Good point. I chose to append the flags since it avoids multiple identical changes to the Macros files. However, with 47c9b2a I now explicitly check if --env gnu is set when --coverage is specified, and exits before the tests begin if this is not the case. For Intel compilers, it looks like there is a flag called -prof-gen=srcpos (Intel docs) which generates coverage files, but I have no experience with this and no idea if it would work with codecov or not.

However, is there anything in the source code that is compiler dependent? I.e. does the coverage for a given test suite depend on the environment? I understand that a user might want to use the --coverage flag with the same compiler as they normally use, but if results are the same with gnu it might not matter?

Just to take this farther. Ultimately, it might be nice to NOT have a Macros file for each compiler on each machine. It might be nice to be able to generate Macros files for machines and compilers via a single script that reduces redundancy. We'd need to figure out how to best do that and that would make adding features like --coverage easier than changing every Macros file, and that's the trick that's being done here, but in the icepack.setup script. But that's a separate issue we should not tackle here.

I think it would make sense to centralize the configuration and generate it "on the fly" to the host environment. Third party users might wonder why some environments are supported directly from this repository, while their favorite cluster and compiler is not. I guess the configurations in configuration/scripts/machines are more examples than anything else, but this might not be clear to the end user. Just my 2c.

Finally, just a quick question. What suite and what machine was the suite run on for this coverage test? Is it easy to tell on the codecov website or otherwise?

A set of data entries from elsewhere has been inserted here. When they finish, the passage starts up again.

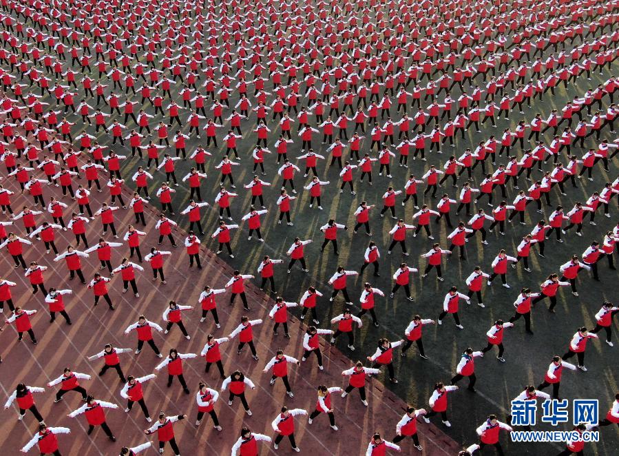 河南省焦作市温县第一高级中学的学生在操场上练拳(无人机照片,12月15日摄)。新华社记者 李安 摄
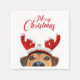 Fotografi av matduk i God jul med en nyfiken hund som bär ett hårband för renar. Säsong Julhälsningar i modern typografi i brev.
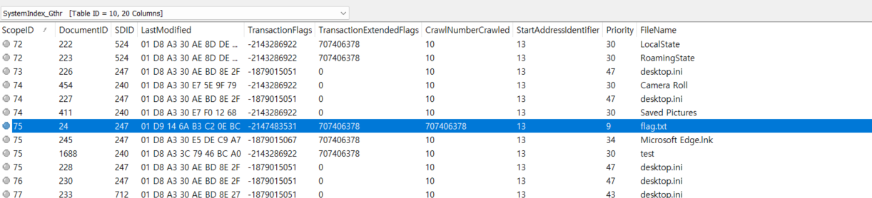 즉, 사용자가 최근 어떤 파일을 열었는지! 특정 시점에 파일이 존재했는지! 인덱싱 실패한 파일 기록 등이 존재하기 때문에 아주 중요한 테이블이다!!
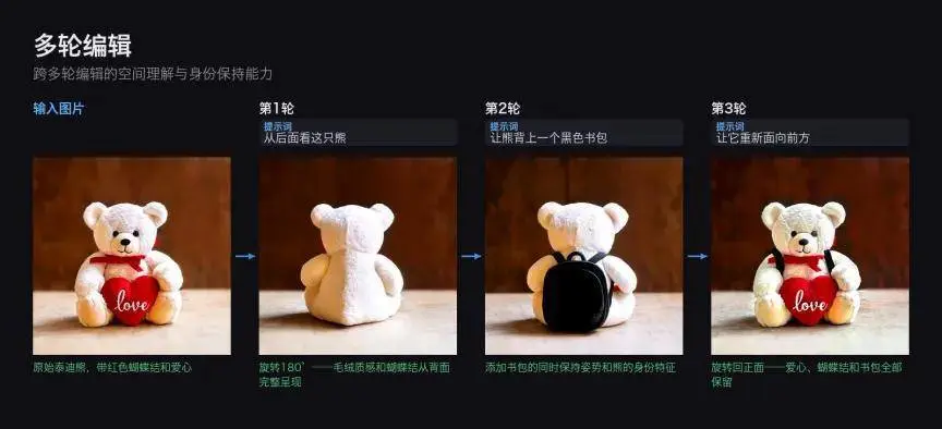 Prompt:对一张泰迪熊照片进行连续三轮编辑 —— 第 1 轮「去掉面前这只熊」,第 2 轮 「背景上加一个黑色布帘」,第 3 轮「让它变成黑白照片的风格」。
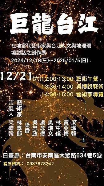 [巨龍台江]開幕式將於2024年12/21(六)中午12點舉行,屆時將有一場藝術家與觀眾的共餐活動,讓藝術愛好者與創作者面對面交流,分享靈感與創意。

This was on travis with the gnu environment. I will look into if this information can be reported together with the results.

@ghost
Copy link
Author

ghost commented May 18, 2018

Alright, the git hash, the git branch, the hostname, and the test suite and id are now reported with the coverage report, and can be inspected under the Build tab:
https://codecov.io/gh/CICE-Consortium/Icepack/commit/c592730e803ac06dc4702d9956e6d372964202f5/build

EDIT: I improved the naming scheme in c592730, and updated the link above.

@ghost
Copy link
Author

ghost commented May 18, 2018

I suggest we leave the code coverage reporting enabled on Travis since the runtime increases are small. The total runtime is ~13 mins without --codecov and ~14 mins with --codecov enabled. This keeps the codecov page up to date without significantly affecting the feedback during development. For the upcoming implementation in CICE we will probably want to keep it turned off.

@apcraig
Copy link
Contributor

apcraig commented May 24, 2018

I'm still spinning up on how all this works. I'm fine keeping this "on" with travis-ci as long as it's cheap.

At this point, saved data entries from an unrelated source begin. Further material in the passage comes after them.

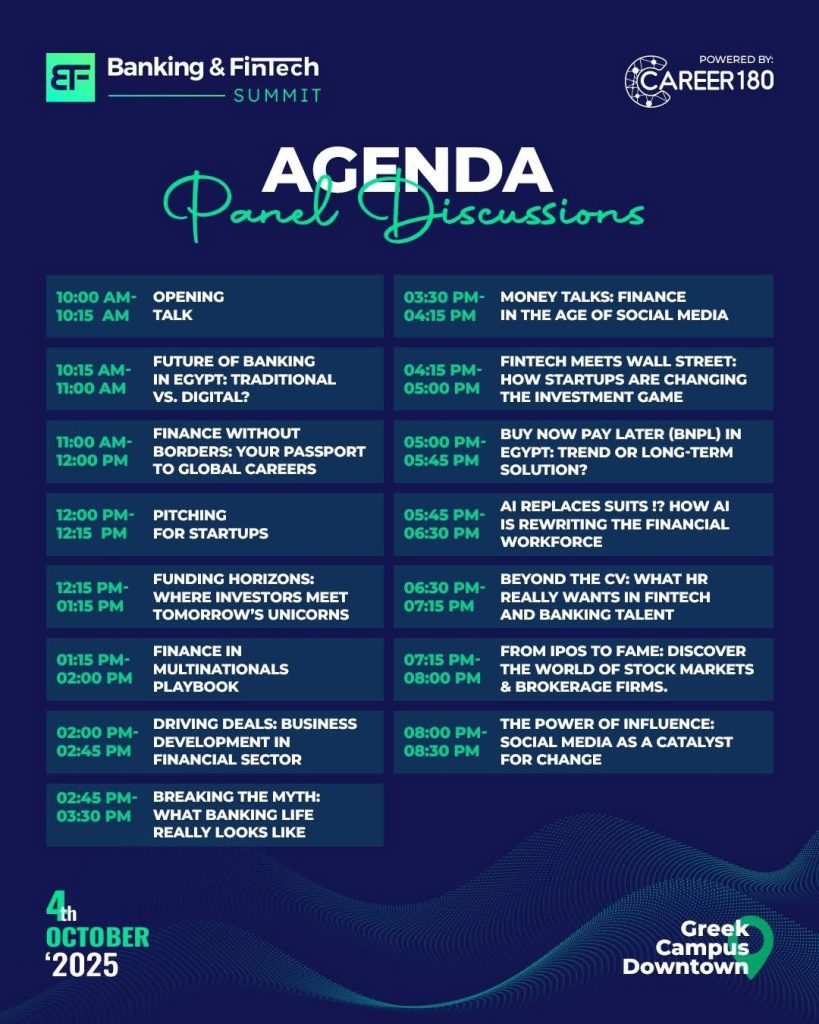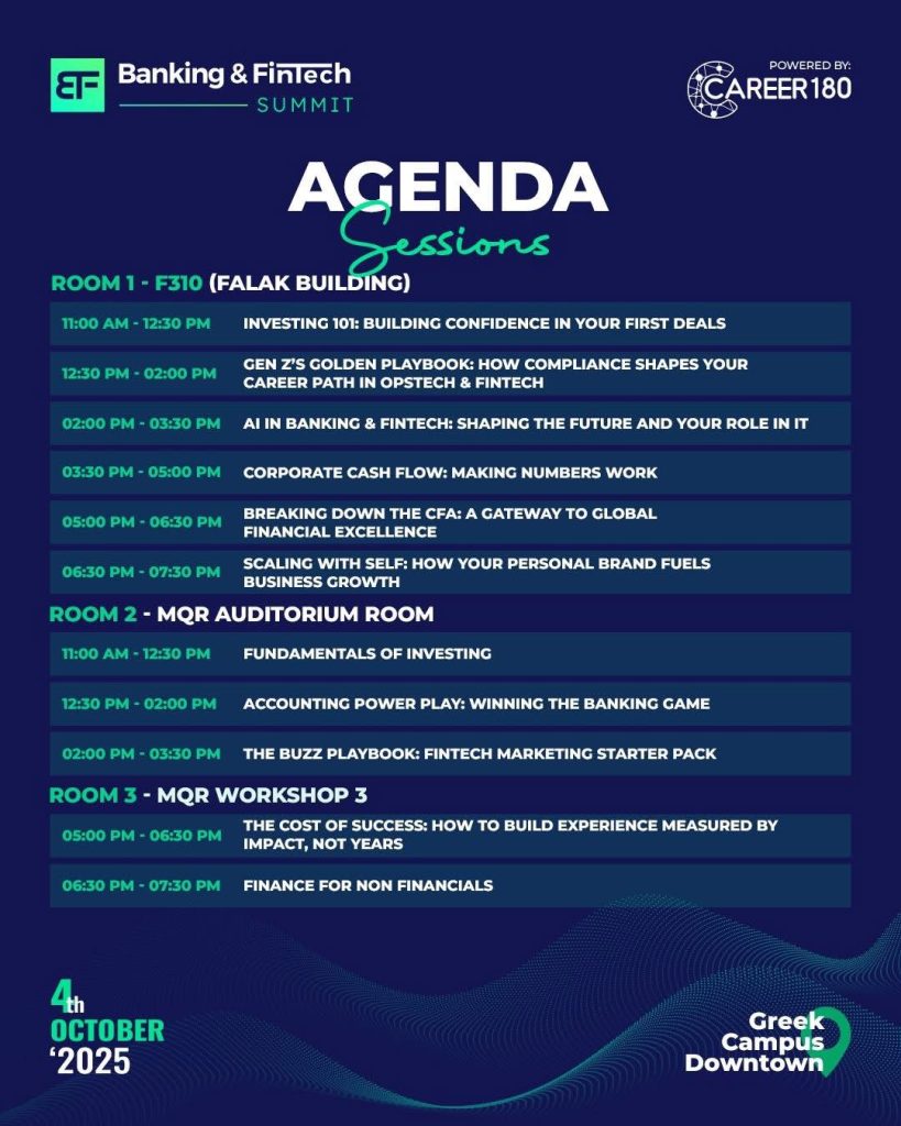 تضم القمة جلسات متوازية في ثلاثة قاعات متخصصة، منها «Investing 101: Building Confidence in Your First Deals»، و«Gen Z’s Golden Playbook: How Compliance Shapes Your Career Path»، و«AI in Banking & FinTech: Shaping the Future and Your Role in It».
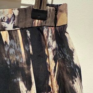Stylish skirt with an abstract pattern. Features a mix of black, cream, and tan colors. Perfect for a chic look.
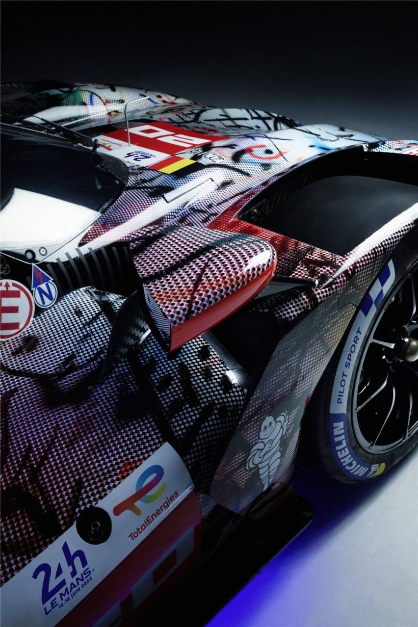 在第20輛寶馬藝術(shù)車的創(chuàng)作過程中,朱莉·梅赫雷圖將多層點(diǎn)陣、彩色絲網(wǎng)印料和其作品特有的黑色線條疊加,利用3D映射技術(shù)把所得的圖像作為高分辨率照片包裹在車輛的輪廓上,量身定制出具有獨(dú)特藝術(shù)風(fēng)格的“戰(zhàn)袍”,使這輛BMW M Hybrid V8滿足勒芒參賽要求。
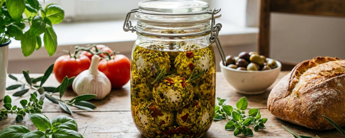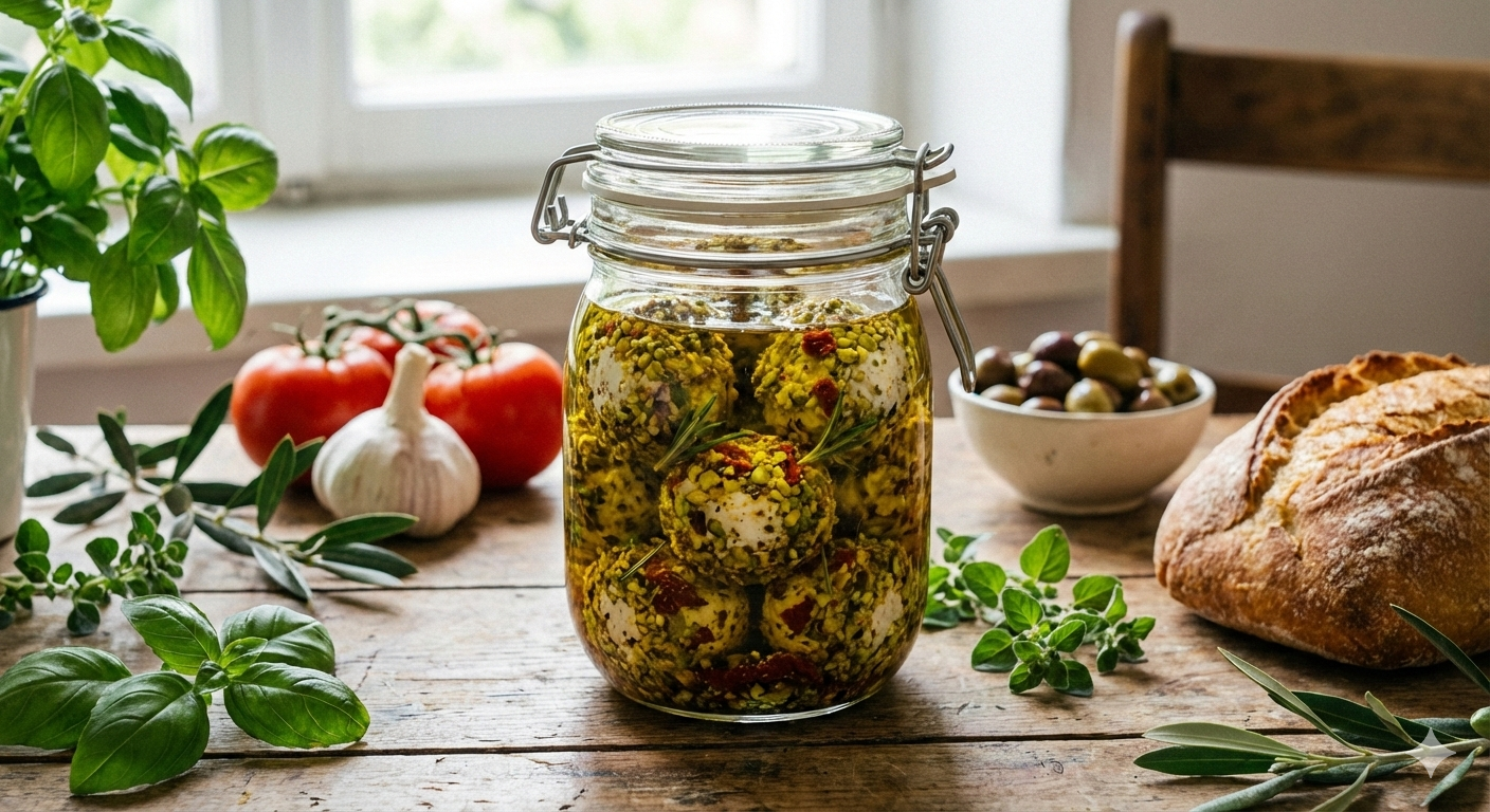 Introduce las bolas en un tarro con aceite de oliva virgen extra y puedes comerlas al día siguiente. En el bote te durarán semanas.

When I go here, https://codecov.io/gh/CICE-Consortium/Icepack/commit/c592730e803ac06dc4702d9956e6d372964202f5/build, what am I looking at? Is each large box "eea871b..." a new run of the suite. I assume newer results are in the top boxes? And the name in that box, " eea871b:HEAD on travis-job-cice-consortiu-icepack-380740950.travisci.net travisCI.travisCItest " is where the information is about where and what was tested? (By the way, there may be a typo somewhere, see "-consortiu-" above missing an "m"?).

Is this ready to test on another machine with a bigger suite? If so, I just need to add --coverage and make sure I'm compiling with gnu? I'd like to verify it works outside travis-ci.

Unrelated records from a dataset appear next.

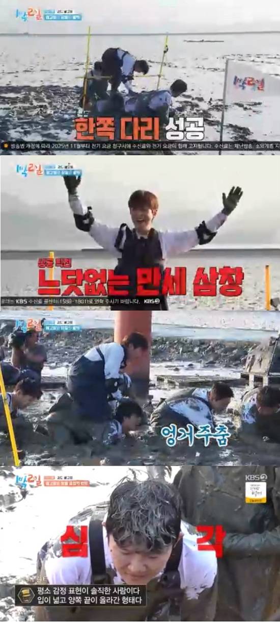 이날 딘딘은 '괴도 배고팡' 힌트가 걸린 갯벌 임파서블 미션을 위해 놋다리가 된 멤버들을 밟고 깃발을 향해 움직였다.
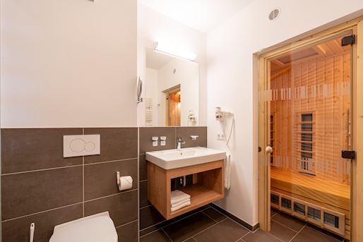 - Zustellbetten (bei Vollbelegung kann jeweils ein Bett im Wohnzimmer und ein Bett im Schlafzimmer aufgestellt werden)
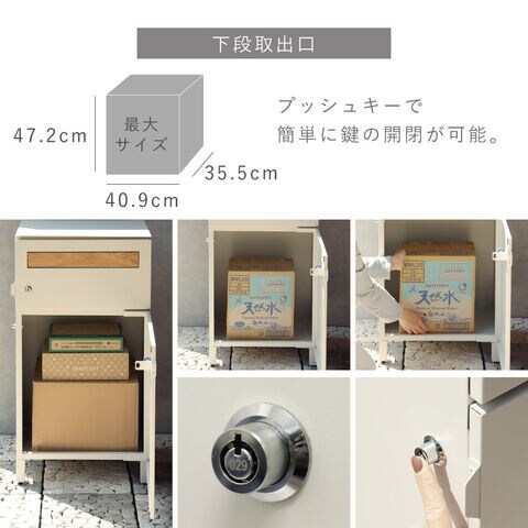下段収納は宅配ボックス。最大サイズは、幅40.9×奥行35.5×高さ47.2cm(120サイズ)で、大きな宅配物も配達可能です。
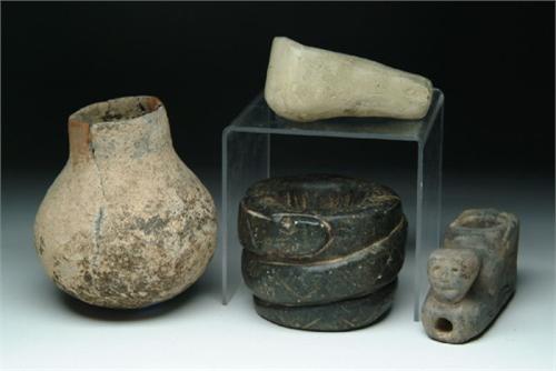 LOT OF TWENTY-SEVEN PIECES OF MISCELLANEOUS INDIAN ARTIFACTS. Including small pottery water bottle, half prehistoric sharks tooth, maul grooved celts, two discoidals, and a number of pipes. CONDITION: Broken to good. 9-25984-25 The Tennessee Collection of Prehistoric Indian Artifacts from the Allen Graves Estate. SPECIAL NOTE: We do not regularly sell Prehistoric Indian stone artifacts and therefore have very little experience and no expertise in this area. All of the following lots have come from the Collection of the Late Allen Graves of Tennessee. The collection was inherited some years back by his daughter, who now lives in Maine. This collection was consigned to us directly from her. We employed someone to generally identify styles and types, but as stated above, due to our lack of expertise in this field, we can not guarantee the age or origin of the following pieces. We are relying on you, the buyer, to determine to your satisfaction the origin and age of each item in the collection.

We will need to add some words to the documentation.

@ghost
Copy link
Author

ghost commented May 25, 2018

When I go here, https://codecov.io/gh/CICE-Consortium/Icepack/commit/c592730e803ac06dc4702d9956e6d372964202f5/build, what am I looking at? Is each large box "eea871b..." a new run of the suite. I assume newer results are in the top boxes?

The page you link to contains the individual coverage reports for a single run of travis_suite. Each test in the test suite submits its own report, which is combined for the presented results.

And the name in that box, " eea871b:HEAD on travis-job-cice-consortiu-icepack-380740950.travisci.net travisCI.travisCItest " is where the information is about where and what was tested?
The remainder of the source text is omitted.